The Neuroscience on the Web Series:
CMSD 642 Neuropathologies of Swallowing and Speech

CSU, Chico, Patrick McCaffrey, Ph.D


Chapter 1. The Role of the Speech-Language Pathologist in Dysphagia / Causes, Prevention, and Incidence

Speech-language pathologists teach patients compensatory techniques for eating and swallowing. They also make recommendations about diets, specifying the consistency of foods that a patient can safely consume. e.g. thick/thin liquids, puree/mechanical soft etc.

Assessment of Swallowing and Remediation Techniques

Speech pathologists assess the swallowing abilities of patients through bed-side evaluations and also through the use of radiographic techniques when necessary.a video fluoroscopic study may be done.

The speech pathologist should be aware that a swallowing patient's neurological status may change due to additional stroke(s).

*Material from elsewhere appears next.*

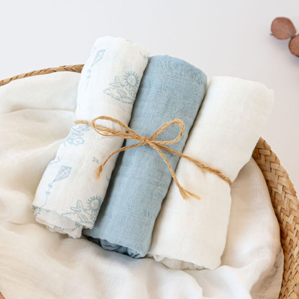 Kiokids: Μουσελίνα Bamboo Sky Planes Σιέλ 70×70εκ.Σετ 3τμχ.

A patient who was previously able to swallow safely may begin to aspirate and require re-evaluation. Silent aspiration, or aspiration of food and liquids without coughing, can occur as a result of neurological damage. (If food or liquid enters the respiratory system of a normal, healthy individual, it induces coughing.) Silent aspiration can cause pneumonia, with a temperature spike being the first indication that food or liquids are entering the lungs

Causes, Prevention, and Incidence of Dysphagia 
(Logemann, 1989,1998; Miller and Groher, 1984, Cherney 1994)

Patients may be treated for dysphagia after suffering a stroke or after traumatic brain injury. Other causes of dysphagia include brain tumor, spinal cord injuries, progressive diseases like Parkinson's Disease and multiple sclerosis and ALS as well as metabolic encephalopathy (liver disease that will cause brain damage).

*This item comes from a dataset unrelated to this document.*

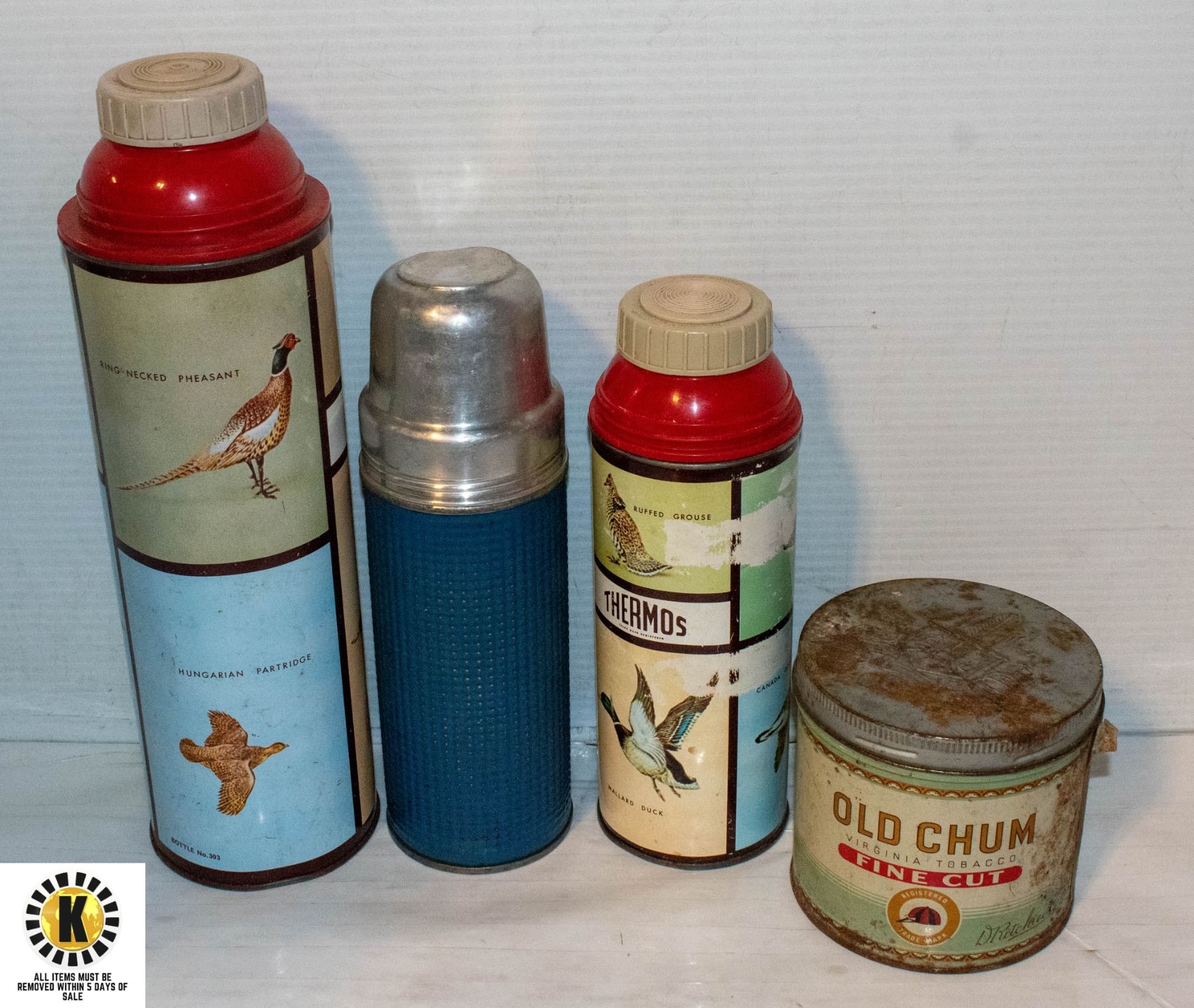3 VINTAGE THERMOSES AND 1 TOBACCO TIN

The exact incidence of dysphagia in the population of adults with neurogenic disorders is unknown. However, when the Rehabilitation Institute of Chicago surveyed their records, they found that about one third of such patients in their facility had some type of dysphagia (Cherney, 1994).

According to Cherney (1994), stroke was the most common cause of dysphagia, accounting for about half of the cases. Bilateral cortical stroke was the type of CVA most likely to cause dysphagia. Unilateral right hemisphere lesions cause more dysphagia than do unilateral left hemisphere lesions. This probably occurs because right hemisphere lesions often cause impulsivity, poor judgment, and reduced ability to follow instructions. Approximately one third of stroke patients have some type of dysphagia.

Traumatic Brain Injury (TBI) was the second most common cause of dysphagia, being the cause of about 20% of swallowing problems seen at that facility. Overall, about 25% of patients suffering from Traumatic Brain Injury have some type of dysphagia. As with CVA it seems reasonable to assume that those with right hemisphere lesions would have more problems.

Stroke tends to cause mild or moderate dysphagia. However I have worked with many CVAs who were quite severe. TBI more often causes severe dysphagia.

Stroke

A stroke or cerebral vascular accident is the temporary or permanent loss of functioning brain tissue due to an interruption in the blood supply. There are two types of stroke; those that result from a full or partial blockage of an artery and those caused by hemorrhages, or ruptures of intracranial blood vessels.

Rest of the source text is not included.